WHAT YOU SHOULD DO: Copy verbatim the material from its first line to the line that holds "Vintage Black Cat", including that line.

━━━━━━━━━━━━━━━━━━━━━━━━━━━━━━

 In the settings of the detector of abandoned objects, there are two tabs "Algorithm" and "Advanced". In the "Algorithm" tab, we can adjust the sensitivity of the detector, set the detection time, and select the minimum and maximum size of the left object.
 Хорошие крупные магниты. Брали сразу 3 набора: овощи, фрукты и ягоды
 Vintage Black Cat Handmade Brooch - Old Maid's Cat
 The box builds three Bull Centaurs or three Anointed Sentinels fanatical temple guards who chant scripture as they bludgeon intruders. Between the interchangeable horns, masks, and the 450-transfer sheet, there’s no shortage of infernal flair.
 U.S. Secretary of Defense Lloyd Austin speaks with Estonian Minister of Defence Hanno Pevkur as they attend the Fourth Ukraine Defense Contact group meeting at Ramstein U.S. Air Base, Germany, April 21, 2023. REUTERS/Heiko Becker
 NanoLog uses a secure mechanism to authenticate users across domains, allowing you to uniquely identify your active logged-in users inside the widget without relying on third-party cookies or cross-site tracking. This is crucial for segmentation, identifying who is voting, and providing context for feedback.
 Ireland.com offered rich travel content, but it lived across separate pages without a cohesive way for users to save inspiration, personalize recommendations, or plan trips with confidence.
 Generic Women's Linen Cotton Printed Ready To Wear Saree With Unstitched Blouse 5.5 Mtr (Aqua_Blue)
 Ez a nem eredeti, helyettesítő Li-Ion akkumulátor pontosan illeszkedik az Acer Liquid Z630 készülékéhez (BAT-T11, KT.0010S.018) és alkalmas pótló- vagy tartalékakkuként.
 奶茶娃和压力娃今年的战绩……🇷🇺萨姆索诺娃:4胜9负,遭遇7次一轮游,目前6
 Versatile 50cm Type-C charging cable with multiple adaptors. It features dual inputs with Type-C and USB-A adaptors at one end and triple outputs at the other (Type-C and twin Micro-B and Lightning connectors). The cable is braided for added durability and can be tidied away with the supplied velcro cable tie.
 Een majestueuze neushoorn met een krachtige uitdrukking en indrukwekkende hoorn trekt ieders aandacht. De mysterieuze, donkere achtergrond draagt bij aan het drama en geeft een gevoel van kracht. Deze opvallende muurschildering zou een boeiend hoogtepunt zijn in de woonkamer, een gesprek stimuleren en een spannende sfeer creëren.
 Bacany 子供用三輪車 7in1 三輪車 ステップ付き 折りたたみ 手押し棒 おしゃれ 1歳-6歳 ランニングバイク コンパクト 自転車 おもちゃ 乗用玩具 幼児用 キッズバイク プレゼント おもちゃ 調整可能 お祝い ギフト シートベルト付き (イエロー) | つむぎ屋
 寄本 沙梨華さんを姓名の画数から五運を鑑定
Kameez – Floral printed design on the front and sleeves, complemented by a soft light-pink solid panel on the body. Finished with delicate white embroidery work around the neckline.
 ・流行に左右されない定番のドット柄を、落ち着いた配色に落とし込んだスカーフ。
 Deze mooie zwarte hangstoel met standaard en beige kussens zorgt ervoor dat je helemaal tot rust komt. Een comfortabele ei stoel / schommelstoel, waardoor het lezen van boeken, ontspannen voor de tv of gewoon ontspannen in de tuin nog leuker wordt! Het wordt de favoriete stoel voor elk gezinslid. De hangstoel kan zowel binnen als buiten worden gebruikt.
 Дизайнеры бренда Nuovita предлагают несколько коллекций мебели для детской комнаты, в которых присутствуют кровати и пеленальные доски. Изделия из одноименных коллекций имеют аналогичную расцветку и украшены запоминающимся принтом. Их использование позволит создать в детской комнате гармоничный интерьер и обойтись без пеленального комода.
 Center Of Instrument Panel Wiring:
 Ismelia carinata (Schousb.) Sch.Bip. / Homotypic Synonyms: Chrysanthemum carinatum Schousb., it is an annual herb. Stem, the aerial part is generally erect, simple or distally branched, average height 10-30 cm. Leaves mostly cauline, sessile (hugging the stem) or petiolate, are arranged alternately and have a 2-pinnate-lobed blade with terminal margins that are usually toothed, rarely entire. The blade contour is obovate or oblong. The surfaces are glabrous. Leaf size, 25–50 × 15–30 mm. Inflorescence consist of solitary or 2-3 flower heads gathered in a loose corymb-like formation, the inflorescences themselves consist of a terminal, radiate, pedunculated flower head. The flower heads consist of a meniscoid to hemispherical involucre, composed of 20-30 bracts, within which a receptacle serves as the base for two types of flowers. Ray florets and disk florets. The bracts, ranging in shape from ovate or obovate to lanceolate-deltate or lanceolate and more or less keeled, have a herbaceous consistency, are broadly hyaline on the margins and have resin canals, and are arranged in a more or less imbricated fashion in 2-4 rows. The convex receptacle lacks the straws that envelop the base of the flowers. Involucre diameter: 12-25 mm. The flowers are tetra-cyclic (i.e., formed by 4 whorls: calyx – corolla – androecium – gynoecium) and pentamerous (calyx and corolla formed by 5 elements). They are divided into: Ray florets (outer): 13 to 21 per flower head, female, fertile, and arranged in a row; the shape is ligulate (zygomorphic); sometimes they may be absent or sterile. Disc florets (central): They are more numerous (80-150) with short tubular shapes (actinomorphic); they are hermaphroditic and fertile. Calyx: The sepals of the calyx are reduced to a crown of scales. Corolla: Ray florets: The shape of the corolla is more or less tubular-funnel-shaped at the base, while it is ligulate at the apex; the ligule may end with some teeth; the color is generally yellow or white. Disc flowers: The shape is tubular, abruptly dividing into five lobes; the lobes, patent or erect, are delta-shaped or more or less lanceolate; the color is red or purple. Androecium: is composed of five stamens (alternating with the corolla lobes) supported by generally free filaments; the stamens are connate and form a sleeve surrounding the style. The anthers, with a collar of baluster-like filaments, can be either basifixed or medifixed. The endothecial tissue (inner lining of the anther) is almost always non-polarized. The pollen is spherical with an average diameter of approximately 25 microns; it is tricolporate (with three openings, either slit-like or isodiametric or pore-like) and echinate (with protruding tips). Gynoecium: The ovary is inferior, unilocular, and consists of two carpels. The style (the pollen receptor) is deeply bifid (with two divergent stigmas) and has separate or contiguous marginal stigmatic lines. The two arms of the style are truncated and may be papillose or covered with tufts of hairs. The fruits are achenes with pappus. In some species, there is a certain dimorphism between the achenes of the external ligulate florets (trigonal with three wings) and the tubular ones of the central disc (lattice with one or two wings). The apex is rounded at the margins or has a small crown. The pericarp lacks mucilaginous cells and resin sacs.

━━━━━━━━━━━━━━━━━━━━━━━━━━━━━━

SOLUTION TO THE EXERCISE:
 In the settings of the detector of abandoned objects, there are two tabs "Algorithm" and "Advanced". In the "Algorithm" tab, we can adjust the sensitivity of the detector, set the detection time, and select the minimum and maximum size of the left object.
 Хорошие крупные магниты. Брали сразу 3 набора: овощи, фрукты и ягоды
 Vintage Black Cat Handmade Brooch - Old Maid's Cat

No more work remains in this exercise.